Closed Source vs Open Source AI: A Cage Fight Few People Understand
The capability spread between closed source and open source AI is only part of the story; the monetizable spread matters as much, and no one is paying attention to it
I’ve been pondering a simple question: if open source models are reaching parity with OpenAI and Anthropic, where are those companies’ moats? Their equity looks overpriced if they’re simply utilities.

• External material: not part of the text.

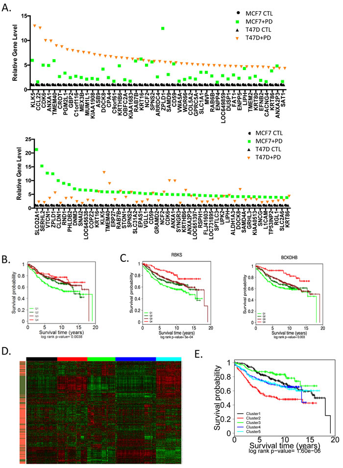 Figure 3: Transcriptional repression by CDK4/6 inhibition and impact on luminal subtypes A. The levels of top repressed genes in T47D cells are presented by rank order. Expression in both T47D and MCF7 cells is shown as denoted by the legend. B. Relative level of genes that make up the OncotypeDX proliferation module were evaluated in MCF7 cells untreated (black bars) and treated with PD-0332991 (gray bars). C. Relative expression of the PAM50 genes untreated and treated with PD-0332991 in MCF7 and T47D cells. Data indicate the consistent suppression of proliferation associated genes that are associated with risk of recurrence. D. Kaplan-Meier analysis of the survival data from 967 ER+/Her2- tumors stratified based on the level of the 230 gene CDK4/6 repression signature. The quartiles associated with transcriptional repression are shown statistical significance was determined by log-rank of the quartiles. The highest expression (Q4) of gene expression is associated with worse prognosis E. Select genes that are significantly repressed by CDK4/6 inhibition in MCF7 and T47D cells and have potent prognostic activity in ER+/HER2- breast cancer are shown. The highest expression (Q4) of gene expression is associated with worse prognosis.

The standard pushback is predictable: enterprise agreements, safety certifications, distribution, research talent, regulatory positioning. These are all reasonable explanations, but none are satisfying.
The entire debate keeps circling back to the capability spread, which is the raw performance delta between the best closed model and the best open model on any given benchmark. That number has been compressing for two years. But it’s the wrong number. The number that actually matters for valuations is one nobody has named yet. I’m calling it the monetizable spread: the subset of that capability delta that someone will actually pay a premium for.
The monetizable spread is declining faster than the capability spread. And that divergence is the story the market hasn’t priced.
A Brief History of Compression
The capability gap between open and closed models has followed a trajectory that should alarm anyone holding equity in a frontier lab.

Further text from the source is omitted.